The lines to be extracted begin at the line containing "Chicken breast in" and end at the last line of the data below; copy them exactly and leave out the pictures.
━━━━━ Recorded information
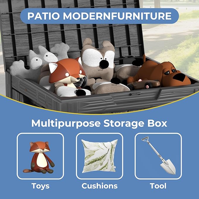 • Versatile Storage with Large Capacity Our deck box offers an impressive storage capacity, perfect for organizing patio cushions, gardening tools, pool accessories, and more. This multipurpose storage solution not only helps keep your outdoor space tidy but also functions as a bench or table. Whether in your backyard, by the pool, or on the patio, this deck box is designed to meet your every need.
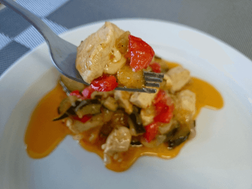 Chicken breast in sweet and sour sauce is a vibrant dish of Pan-Asian cuisine that combines tender meat, crunchy vegetables, and a tangy sauce. The sweetness of the pepper, freshness of zucchini, and rich flavor of chili create a harmony of textures and taste notes. This recipe is rooted in the Asian tradition of balancing sweet and sour notes, reminiscent of classic Chinese dishes. Its ease of preparation makes it an excellent choice for dinner, while the aroma of garlic and olive oil adds sophistication. The chicken soaked in spicy sauce turns out juicy, while the vegetables retain a pleasant crunch. The dish pairs perfectly with rice or noodles, highlighting its versatility. It's an ideal option for those looking to add exotic flavors to their everyday diet while enjoying the rich taste and vibrant colors of Asian gastronomy.
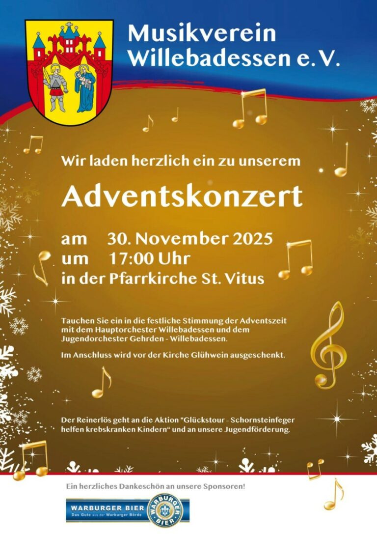 Der Musikverein Willebadessen lädt herzlich zum traditionellen Adventskonzert ein. Das Konzert vom Jugend- [...]
━━━━━━━━━━
#### [Task response]
 Chicken breast in sweet and sour sauce is a vibrant dish of Pan-Asian cuisine that combines tender meat, crunchy vegetables, and a tangy sauce. The sweetness of the pepper, freshness of zucchini, and rich flavor of chili create a harmony of textures and taste notes. This recipe is rooted in the Asian tradition of balancing sweet and sour notes, reminiscent of classic Chinese dishes. Its ease of preparation makes it an excellent choice for dinner, while the aroma of garlic and olive oil adds sophistication. The chicken soaked in spicy sauce turns out juicy, while the vegetables retain a pleasant crunch. The dish pairs perfectly with rice or noodles, highlighting its versatility. It's an ideal option for those looking to add exotic flavors to their everyday diet while enjoying the rich taste and vibrant colors of Asian gastronomy.
 Der Musikverein Willebadessen lädt herzlich zum traditionellen Adventskonzert ein. Das Konzert vom Jugend- [...]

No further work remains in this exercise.